OK, we aren’t quite there yet, but this will be the last bulletin before Christmas. While we are still in the Advent season I would ask you to consider the many readings we have in Advent from Isaiah and one of the images that we are given is that of the peace and paradise that God desires for us:

Then the wolf shall be a guest of the lamb, and the leopard shall lie down with the kid;
The calf and the young lion shall browse together, with a little child to guide them.
The cow and the bear shall be neighbors, together their young shall rest; the lion shall eat hay like the ox.
The baby shall play by the cobra’s den, and the child lay his hand on the adder’s lair.
There shall be no harm or ruin on all my holy mountain; for the earth shall be filled with knowledge of the Lord, as water covers the sea.
(Isaiah 11: 6-9)

The reason we are given this image during Advent is the expectation of what the Messiah will be bringing. When we read it now, as they thought when it was written, it is hard to imagine that things could actually be that peaceful.
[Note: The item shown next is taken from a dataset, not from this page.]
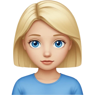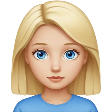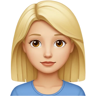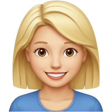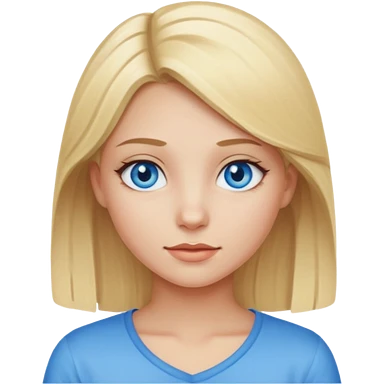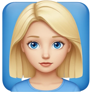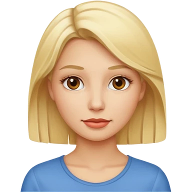 blonde long hair girl using macbook emoji. she has blue eyes and dark coffee shirt with Teal coloured accesory emoji

But you might have seen an article in the news just last week that can encourage our hope, of a tiger who has made friends with a goat. The tiger lives in a Safari Park in Russia and the goat was put in his enclosure as food, but instead they became what can only be described as friends, they live, and eat, and even play together. Not exactly a leopard and a kid, or a calf and a young lion, but I can’t ask for anything closer, especially considering the goat was meant to be his dinner.

Hopefully this doesn’t just remind us of Scripture, but also makes us recognize that such things, while not very common or likely, are possible. It can help our faith to recognize that yes, we can strive for such peace in our lives too. We see conflict and violence presented to us all the time and we can become so used to it that we don’t believe such peace that Isaiah talks of is possible, and so we don’t even attempt trying to make peace of the difficult conflicts in our own lives. I would encourage you to be like the Russian public who are asking for more of such news. We are not denying the pain and suffering and tragedies that are happening around us and in the world, but we also don’t have to deny the good that is also out there and that we can help build.

As we come to the last week of this Advent we need to recognize the challenges we have in our lives, but also know that God is there to be with us. He came to us on Christmas in the form of a child and wants that peace that we think of on that silent night to be ours. Let us continue to work towards it, and believe that this is what God wants for us. May you and your families have a Merry Christmas.